* How to complete this task *
What follows is a set of entries. Repeat them exactly, but not their pictures.

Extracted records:
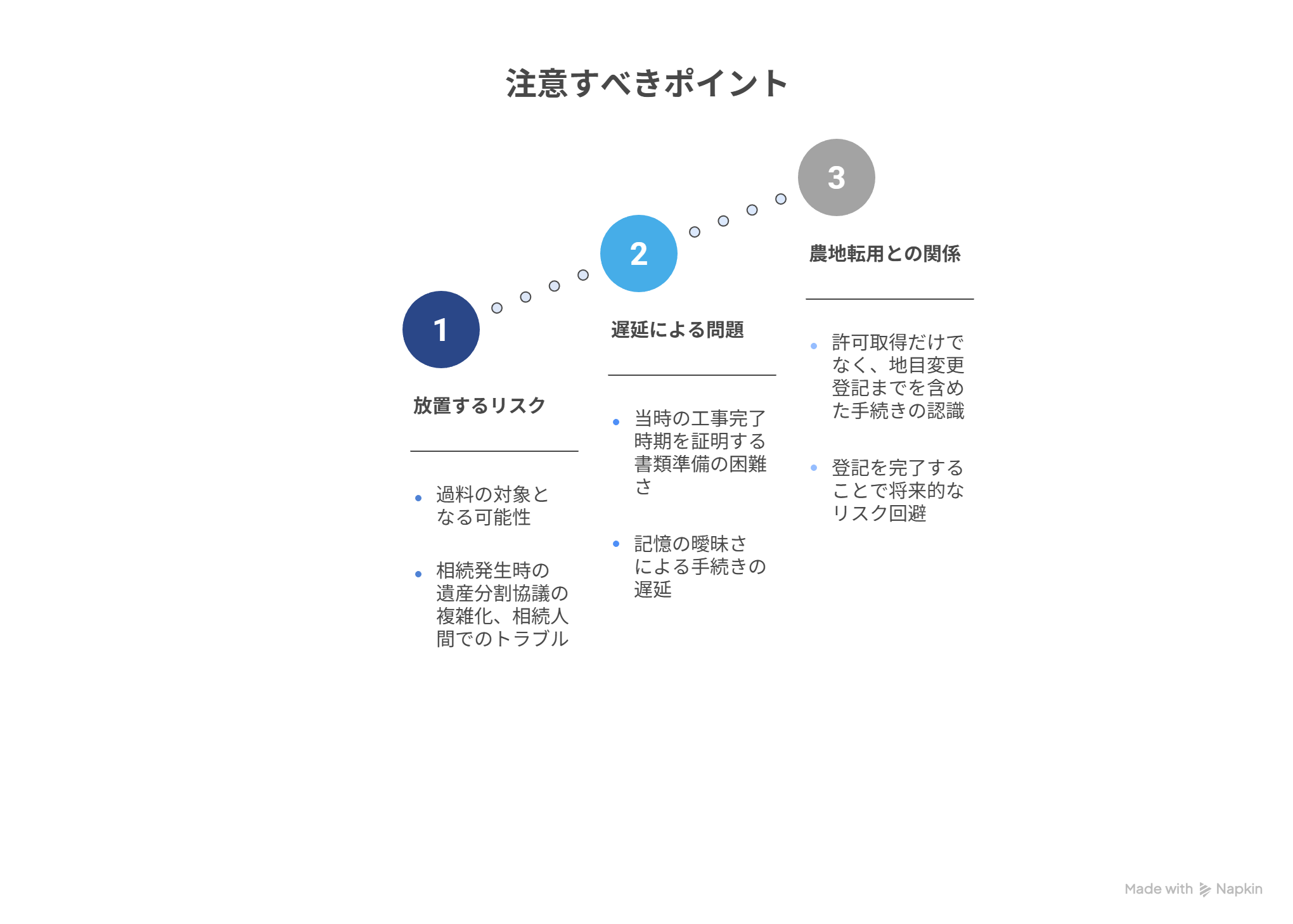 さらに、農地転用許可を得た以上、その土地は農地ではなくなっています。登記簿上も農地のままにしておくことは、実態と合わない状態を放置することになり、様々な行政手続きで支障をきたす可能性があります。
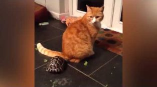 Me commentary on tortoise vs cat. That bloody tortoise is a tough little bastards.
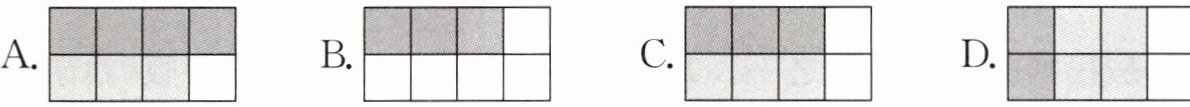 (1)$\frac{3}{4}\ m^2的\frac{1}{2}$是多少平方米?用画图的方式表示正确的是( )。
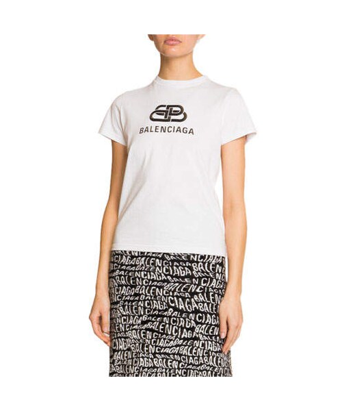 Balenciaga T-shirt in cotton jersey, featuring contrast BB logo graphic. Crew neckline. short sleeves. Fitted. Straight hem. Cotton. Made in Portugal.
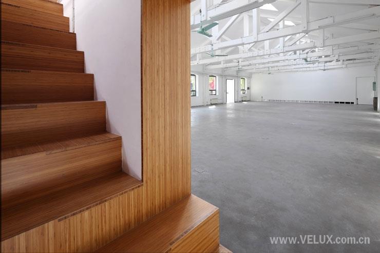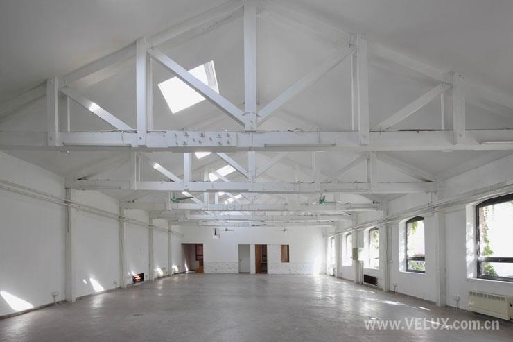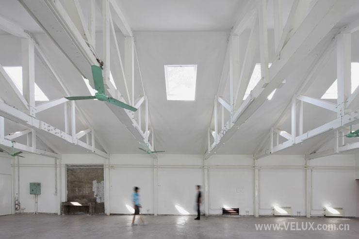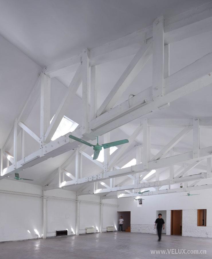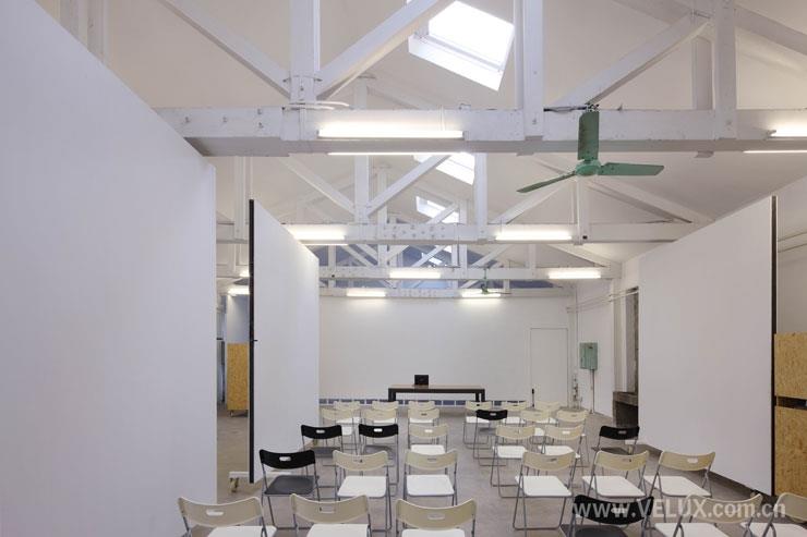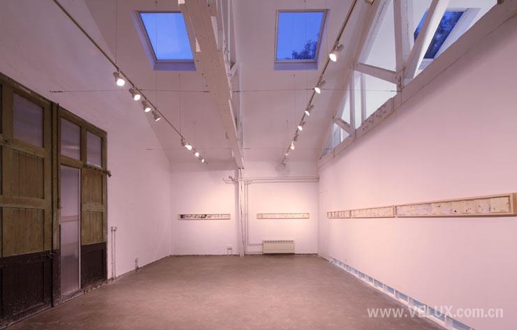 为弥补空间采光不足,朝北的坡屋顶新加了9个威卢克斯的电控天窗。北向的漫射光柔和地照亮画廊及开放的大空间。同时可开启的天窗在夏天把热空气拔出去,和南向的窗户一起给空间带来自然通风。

* Response to the task *
 さらに、農地転用許可を得た以上、その土地は農地ではなくなっています。登記簿上も農地のままにしておくことは、実態と合わない状態を放置することになり、様々な行政手続きで支障をきたす可能性があります。
 Me commentary on tortoise vs cat. That bloody tortoise is a tough little bastards.
 (1)$\frac{3}{4}\ m^2的\frac{1}{2}$是多少平方米?用画图的方式表示正确的是( )。
 Balenciaga T-shirt in cotton jersey, featuring contrast BB logo graphic. Crew neckline. short sleeves. Fitted. Straight hem. Cotton. Made in Portugal.
 为弥补空间采光不足,朝北的坡屋顶新加了9个威卢克斯的电控天窗。北向的漫射光柔和地照亮画廊及开放的大空间。同时可开启的天窗在夏天把热空气拔出去,和南向的窗户一起给空间带来自然通风。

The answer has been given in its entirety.